LC_NUMERIC="en_US.UTF-8"
LC_TIME=es_AR.UTF-8
LC_COLLATE="en_US.UTF-8"
LC_MONETARY="en_US.UTF-8"
LC_MESSAGES="en_US.UTF-8"
LC_PAPER="en_US.UTF-8"
LC_NAME="en_US.UTF-8"
LC_ADDRESS="en_US.UTF-8"
LC_TELEPHONE="en_US.UTF-8"
LC_MEASUREMENT="en_US.UTF-8"
LC_IDENTIFICATION="en_US.UTF-8"
LC_ALL=
Thanks, will have another try whether I can reproduce the issue on my machine.
I am also having this problem.
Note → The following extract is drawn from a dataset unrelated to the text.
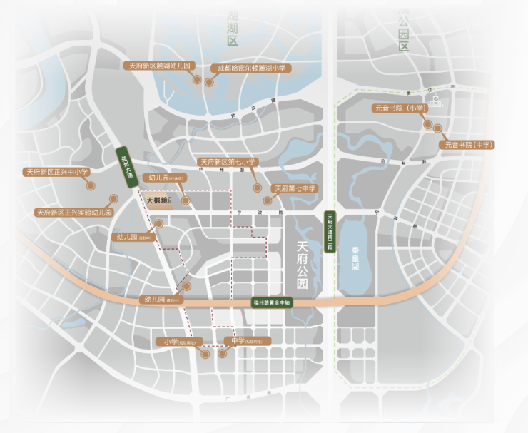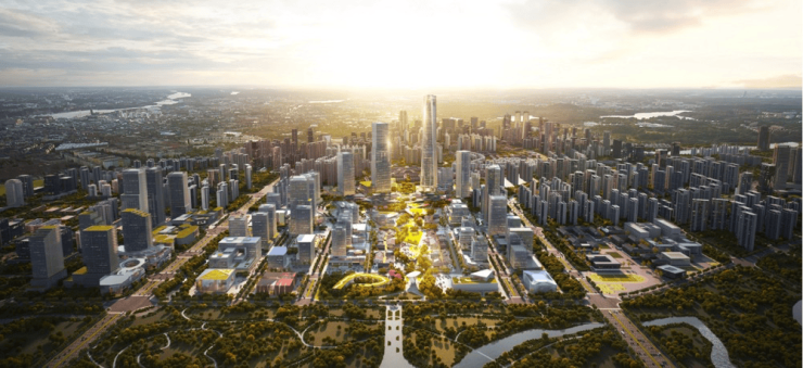 天府总部商务区以公园城市为设想,米灰色仿石漆、落地窗、大面宽的艺术界面,并通过简练扶引系统进一步完美交通。同时以天然石块、片岩连系下沉卡座,将正在双机场间取天府高铁坐、保守从城取天府新区、成德眉资同城化等计谋结构全笼盖,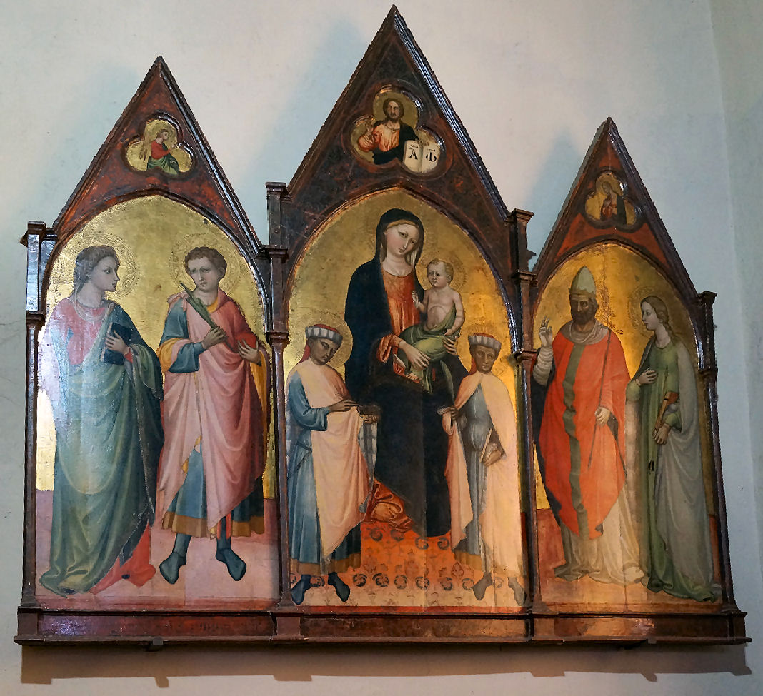 ![]() History Founded in 1332 by Basilian monks, known as Ermini (Armenians). At the end of the 15th century it was used as a hospice by the Congregation of the Priests of the Holy Ghost - a glazed della Robbia terracotta roundel with a (headless) white dove on the wall facing Via San Gallo is a relic of this time. Various alterations until taken over in 1939 by the Seventh Day Adventist Church. The most recent renovation work was in 2008. ![]() Lost art There are six panels from an altarpiece by Agnolo Gaddi in the Alte Pinakotek in Munich from c.1393/96. Two panels from the main register are full-length Saints Julian and Nicholas, with the four predella panels showing scenes from the two saints' lives, two each. They were thought to have come from the chapel devoted to Saint Nicholas at SS Annunziata, but a recent theory has the altarpiece being commissioned by banker and merchant Gabriello Panciatichi for this church. The argument involves 18th century descriptions of this church mentioning an altarpiece of similar iconography, and Panciatichi having paid for an altarpiece with the same saints prominent in a church near Pistoia. |

My OS is Ubuntu 22.04.4. I installed rgain via apt install replaygain
My failing output:
Collecting files ...
Traceback (most recent call last):
File "/usr/bin/collectiongain", line 6, in <module>
collectiongain()
File "/usr/lib/python3/dist-packages/rgain3/script/collectiongain.py", line 341, in collectiongain
do_collectiongain(args[0], opts.ref_level, opts.force, opts.dry_run,
File "/usr/lib/python3/dist-packages/rgain3/script/collectiongain.py", line 274, in do_collectiongain
collect_files(music_dir, files, visited_cache,
File "/usr/lib/python3/dist-packages/rgain3/script/collectiongain.py", line 117, in collect_files
print(" [%i] %s |" % (i, filepath), end='')
UnicodeEncodeError: 'utf-8' codec can't encode character '\udcea' in position 53: surrogates not allowed
python3 -version:
Python 3.10.12
python3 -c "import sys; print(sys.getfilesystemencoding(), sys.getdefaultencoding())":
utf-8 utf-8
locale:
LANG=en_CA.UTF-8
LANGUAGE=en_CA:en
LC_CTYPE="en_US.UTF-8"
LC_NUMERIC="en_US.UTF-8"
LC_TIME="en_US.UTF-8"
LC_COLLATE="en_US.UTF-8"
LC_MONETARY="en_US.UTF-8"
LC_MESSAGES="en_US.UTF-8"
LC_PAPER="en_US.UTF-8"
LC_NAME="en_US.UTF-8"
LC_ADDRESS="en_US.UTF-8"
LC_TELEPHONE="en_US.UTF-8"
LC_MEASUREMENT="en_US.UTF-8"
LC_IDENTIFICATION="en_US.UTF-8"
LC_ALL=en_US.UTF-8
I am happy to report any other information that can help diagnose this problem.
Thanks for reporting.
Non UTF-8 file names are definitely something the script should be able to deal with. You're probably right, that your friend won't be the only one.
This problem should be solvable by making use of PEP 383.
How can I try to use PEP 383 to try to solve this issue?